Apr. 27th, 2008

leene_chan: (Spooky!)


I took this picture of a bunch of grape hyacinth blooming in our front yard a few days ago. It's not anything remarkable but they look kind of cute standing amid the dead things. Hopefully we'll have some more unusual flowers soon; the new lemon yellow clematis we planted last year has grown back with a vengeance. We seem to have a lot of luck growing clematis and columbine in our yard. XD



I've been frustrated with myself lately because of my writing. I've finally had to tackle a major scene and for some reason it's not going down at all like I planned. It's tough when you've had story bits swarming around in your head for years and you finally have to choose the path your characters are really going to follow. You immortalize some ideas, throw out others and create new ones from scratch on the spur of the moment. It's come to the point where I say to myself, "Yeah, that scene is good, you've been planning that scene for a long time. You've come up with all the details down to the smell of the grass and the tears on someone's face as they lie down breathless and gaze at the night sky but it has no place in this narrative any more.

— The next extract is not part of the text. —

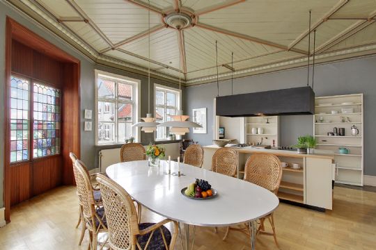 De mange kvadratmeter giver ikke bare god plads til hele familien, men åbner også for at drive et liberalt erhverv fra adressen. Dele af boligen kan med fordel indrettes som galleri, atelier eller tegnestue, alternativt ansøge om mulighed for at starte et lille hotel eller et Bed & Breakfast.

You're wasting time. You're going to have to throw it away." And how do I know if what I'm putting on the paper now is better than the stuff I'm throwing out? I don't know but I have to hold on to some sort of logical progression. A story cannot go on forever. I feel like I'm trying to squeeze an ocean out of an eyedropper. -_-



Sometimes the only thing that keeps me going is the thought that, no matter how many sprouts I need to thin in order to grow this one healthy plant, in the end I'll look at my work and see it as a world in itself. A finite world, but a real one.



On the gaming front, I've dropped everything to play Mother 3 again. It's almost the two year anniversary of its release! I know I come across as a chronic RPG hater but words cannot describe my love for Mother 2 and Mother 3. I played Mother 3 for three hours yesterday. That game can make you want to end your life but hey, it's okay to cry sometimes!